[DATA TO EXAMINE Boundary: Start]

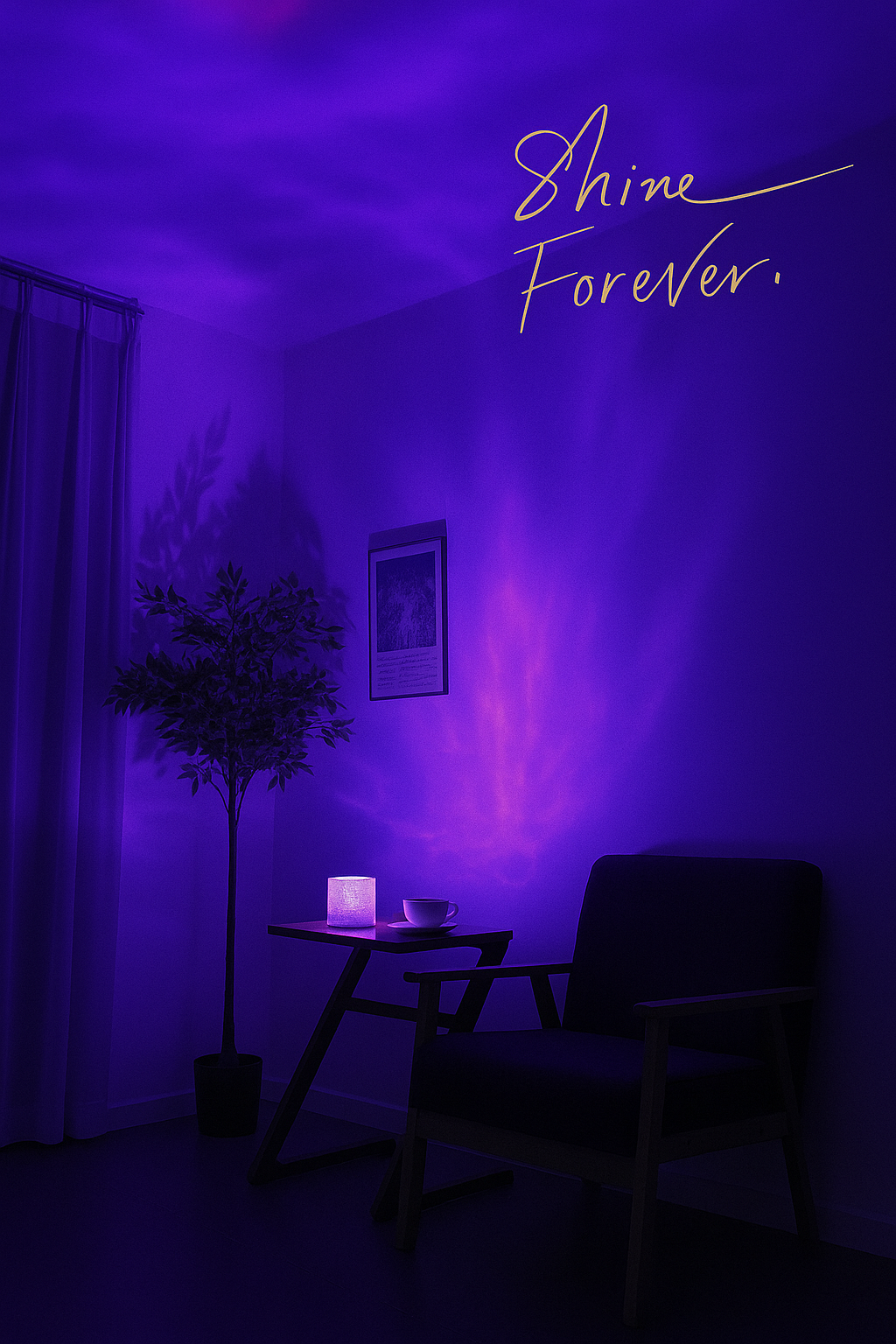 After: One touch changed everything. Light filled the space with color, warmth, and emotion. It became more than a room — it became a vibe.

[DATA TO EXAMINE Boundary: End]
[DATA TO EXAMINE Boundary: Start]

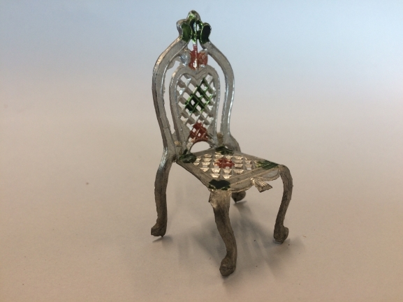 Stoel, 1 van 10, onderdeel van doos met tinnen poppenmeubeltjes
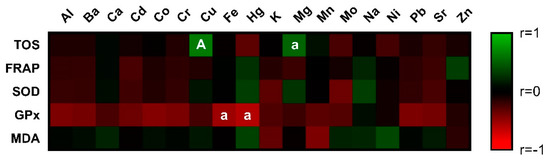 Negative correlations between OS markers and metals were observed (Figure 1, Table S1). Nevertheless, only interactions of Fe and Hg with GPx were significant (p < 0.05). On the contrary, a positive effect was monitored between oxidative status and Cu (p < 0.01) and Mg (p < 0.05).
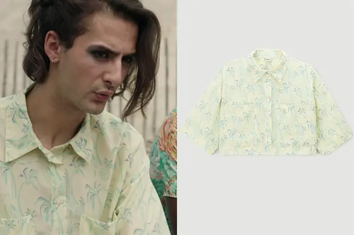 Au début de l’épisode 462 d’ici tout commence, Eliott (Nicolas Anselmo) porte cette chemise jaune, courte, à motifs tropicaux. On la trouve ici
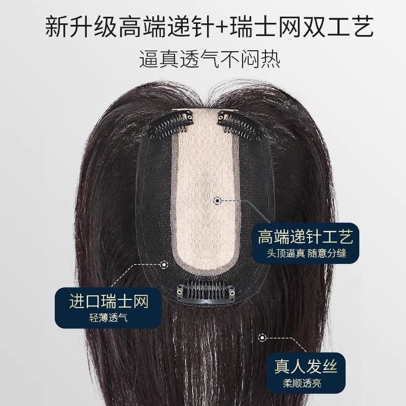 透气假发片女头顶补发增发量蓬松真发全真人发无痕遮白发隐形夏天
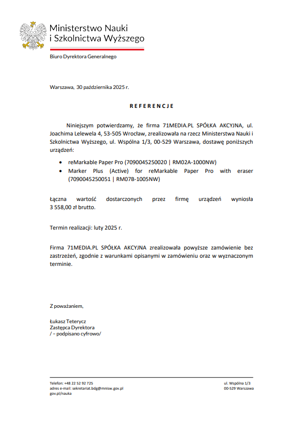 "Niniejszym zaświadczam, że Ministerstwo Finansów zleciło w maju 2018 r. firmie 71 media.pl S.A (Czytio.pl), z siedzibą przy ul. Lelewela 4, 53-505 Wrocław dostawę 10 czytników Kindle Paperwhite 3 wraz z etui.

[DATA TO EXAMINE Boundary: End]

## TASK REQUIREMENTS
Copy only what lies between the line with "Stoel, 1 van" and the line with "Negative correlations between", those two lines included, exactly as given above; pictures stay out.

## TASK SOLUTION
 Stoel, 1 van 10, onderdeel van doos met tinnen poppenmeubeltjes
 Negative correlations between OS markers and metals were observed (Figure 1, Table S1). Nevertheless, only interactions of Fe and Hg with GPx were significant (p < 0.05). On the contrary, a positive effect was monitored between oxidative status and Cu (p < 0.01) and Mg (p < 0.05).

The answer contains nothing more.